YOUR ASSIGNMENT
Please repeat the data below exactly, with the pictures removed.

DATASET EXTRACT
[Start of section]
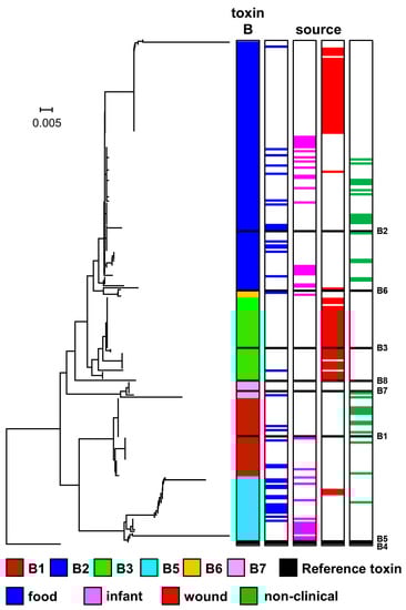 2.3. Diversity and Phylogeny of C. botulinum Group I type B Strains and Their Botulinum Neurotoxin Genes
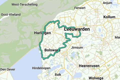 Route van 123 kilometer langs Harlingen en Makkum. Eind- en startpunt Leeuwarden
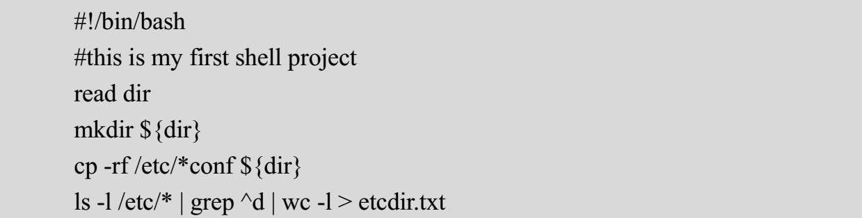 举例,写1.sh要求读入1个目录名,在当前目录下创建该目录,并复制etc下的conf文件到该目录,统计etc下所有目录的数目到etcdir.txt中。
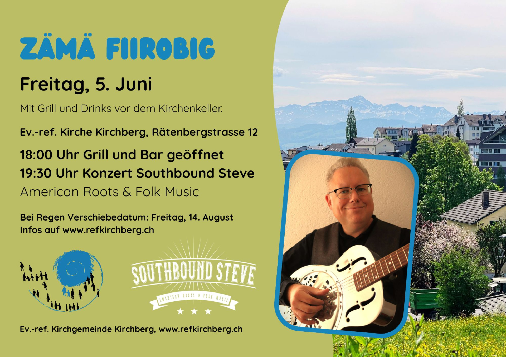Wir laden Sie ein, am Freitag, 5. Juni bei Grill und Musik den Feierabend zu geniessen. Grill und Bar sind ab 18 Uhr geöffnet, um 19:30 beginnt das Konzert von Southbound Steve, American Roots & Folk Music.
[End of section]
SOLUTION FOR THIS PROBLEM
 2.3. Diversity and Phylogeny of C. botulinum Group I type B Strains and Their Botulinum Neurotoxin Genes
 Route van 123 kilometer langs Harlingen en Makkum. Eind- en startpunt Leeuwarden
 举例,写1.sh要求读入1个目录名,在当前目录下创建该目录,并复制etc下的conf文件到该目录,统计etc下所有目录的数目到etcdir.txt中。
Wir laden Sie ein, am Freitag, 5. Juni bei Grill und Musik den Feierabend zu geniessen. Grill und Bar sind ab 18 Uhr geöffnet, um 19:30 beginnt das Konzert von Southbound Steve, American Roots & Folk Music.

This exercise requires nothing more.